▸ Dataset excerpts:
.....

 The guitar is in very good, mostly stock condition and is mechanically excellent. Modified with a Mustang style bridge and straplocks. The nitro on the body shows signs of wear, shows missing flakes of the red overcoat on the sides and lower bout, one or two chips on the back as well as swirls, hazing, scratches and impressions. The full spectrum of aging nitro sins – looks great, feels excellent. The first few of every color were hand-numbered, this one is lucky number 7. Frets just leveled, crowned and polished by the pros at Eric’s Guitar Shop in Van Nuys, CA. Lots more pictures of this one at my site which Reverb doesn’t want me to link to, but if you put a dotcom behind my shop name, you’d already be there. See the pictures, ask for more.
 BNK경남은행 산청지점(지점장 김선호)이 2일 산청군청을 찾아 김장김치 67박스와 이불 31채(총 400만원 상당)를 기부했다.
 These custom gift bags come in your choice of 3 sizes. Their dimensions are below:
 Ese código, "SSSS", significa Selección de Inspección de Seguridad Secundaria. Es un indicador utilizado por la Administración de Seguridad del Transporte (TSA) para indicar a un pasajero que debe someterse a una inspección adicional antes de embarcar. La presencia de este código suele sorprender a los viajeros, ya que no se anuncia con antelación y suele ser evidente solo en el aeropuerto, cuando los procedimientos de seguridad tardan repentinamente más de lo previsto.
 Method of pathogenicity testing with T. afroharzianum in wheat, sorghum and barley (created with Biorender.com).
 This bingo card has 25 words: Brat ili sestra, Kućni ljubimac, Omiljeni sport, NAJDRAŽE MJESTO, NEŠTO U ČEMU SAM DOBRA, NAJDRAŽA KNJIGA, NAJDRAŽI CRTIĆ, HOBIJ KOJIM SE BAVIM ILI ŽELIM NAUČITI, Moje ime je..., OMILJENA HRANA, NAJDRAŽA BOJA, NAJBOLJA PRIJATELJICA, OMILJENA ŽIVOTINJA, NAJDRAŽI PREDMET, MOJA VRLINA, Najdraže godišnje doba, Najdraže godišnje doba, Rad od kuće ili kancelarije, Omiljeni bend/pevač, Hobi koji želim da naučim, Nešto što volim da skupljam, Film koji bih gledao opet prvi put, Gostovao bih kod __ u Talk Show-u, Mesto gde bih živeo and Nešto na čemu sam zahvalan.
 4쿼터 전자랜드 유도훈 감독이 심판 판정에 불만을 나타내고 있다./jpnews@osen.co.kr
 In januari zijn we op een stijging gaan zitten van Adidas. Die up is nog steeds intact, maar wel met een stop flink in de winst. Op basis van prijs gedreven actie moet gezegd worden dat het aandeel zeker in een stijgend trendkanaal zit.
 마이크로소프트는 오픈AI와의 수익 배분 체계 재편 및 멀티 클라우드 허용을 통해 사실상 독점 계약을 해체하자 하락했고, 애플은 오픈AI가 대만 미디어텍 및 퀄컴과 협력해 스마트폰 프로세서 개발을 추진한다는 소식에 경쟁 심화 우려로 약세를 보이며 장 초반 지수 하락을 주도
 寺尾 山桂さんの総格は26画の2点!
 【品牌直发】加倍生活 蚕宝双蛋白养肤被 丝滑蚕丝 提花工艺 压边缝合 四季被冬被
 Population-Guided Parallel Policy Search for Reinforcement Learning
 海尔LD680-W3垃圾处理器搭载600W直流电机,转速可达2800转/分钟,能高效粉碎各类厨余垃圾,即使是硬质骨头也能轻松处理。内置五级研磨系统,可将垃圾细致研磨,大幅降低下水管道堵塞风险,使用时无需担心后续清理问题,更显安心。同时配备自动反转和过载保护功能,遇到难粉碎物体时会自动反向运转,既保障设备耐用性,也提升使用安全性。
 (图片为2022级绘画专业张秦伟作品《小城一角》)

.....

▸ What is needed: The answer should consist only of the lines from the line containing "de lo previsto." through the final line of the listing above, reproduced exactly.

▸ Finished task:
 Ese código, "SSSS", significa Selección de Inspección de Seguridad Secundaria. Es un indicador utilizado por la Administración de Seguridad del Transporte (TSA) para indicar a un pasajero que debe someterse a una inspección adicional antes de embarcar. La presencia de este código suele sorprender a los viajeros, ya que no se anuncia con antelación y suele ser evidente solo en el aeropuerto, cuando los procedimientos de seguridad tardan repentinamente más de lo previsto.
 Method of pathogenicity testing with T. afroharzianum in wheat, sorghum and barley (created with Biorender.com).
 This bingo card has 25 words: Brat ili sestra, Kućni ljubimac, Omiljeni sport, NAJDRAŽE MJESTO, NEŠTO U ČEMU SAM DOBRA, NAJDRAŽA KNJIGA, NAJDRAŽI CRTIĆ, HOBIJ KOJIM SE BAVIM ILI ŽELIM NAUČITI, Moje ime je..., OMILJENA HRANA, NAJDRAŽA BOJA, NAJBOLJA PRIJATELJICA, OMILJENA ŽIVOTINJA, NAJDRAŽI PREDMET, MOJA VRLINA, Najdraže godišnje doba, Najdraže godišnje doba, Rad od kuće ili kancelarije, Omiljeni bend/pevač, Hobi koji želim da naučim, Nešto što volim da skupljam, Film koji bih gledao opet prvi put, Gostovao bih kod __ u Talk Show-u, Mesto gde bih živeo and Nešto na čemu sam zahvalan.
 4쿼터 전자랜드 유도훈 감독이 심판 판정에 불만을 나타내고 있다./jpnews@osen.co.kr
 In januari zijn we op een stijging gaan zitten van Adidas. Die up is nog steeds intact, maar wel met een stop flink in de winst. Op basis van prijs gedreven actie moet gezegd worden dat het aandeel zeker in een stijgend trendkanaal zit.
 마이크로소프트는 오픈AI와의 수익 배분 체계 재편 및 멀티 클라우드 허용을 통해 사실상 독점 계약을 해체하자 하락했고, 애플은 오픈AI가 대만 미디어텍 및 퀄컴과 협력해 스마트폰 프로세서 개발을 추진한다는 소식에 경쟁 심화 우려로 약세를 보이며 장 초반 지수 하락을 주도
 寺尾 山桂さんの総格は26画の2点!
 【品牌直发】加倍生活 蚕宝双蛋白养肤被 丝滑蚕丝 提花工艺 压边缝合 四季被冬被
 Population-Guided Parallel Policy Search for Reinforcement Learning
 海尔LD680-W3垃圾处理器搭载600W直流电机,转速可达2800转/分钟,能高效粉碎各类厨余垃圾,即使是硬质骨头也能轻松处理。内置五级研磨系统,可将垃圾细致研磨,大幅降低下水管道堵塞风险,使用时无需担心后续清理问题,更显安心。同时配备自动反转和过载保护功能,遇到难粉碎物体时会自动反向运转,既保障设备耐用性,也提升使用安全性。
 (图片为2022级绘画专业张秦伟作品《小城一角》)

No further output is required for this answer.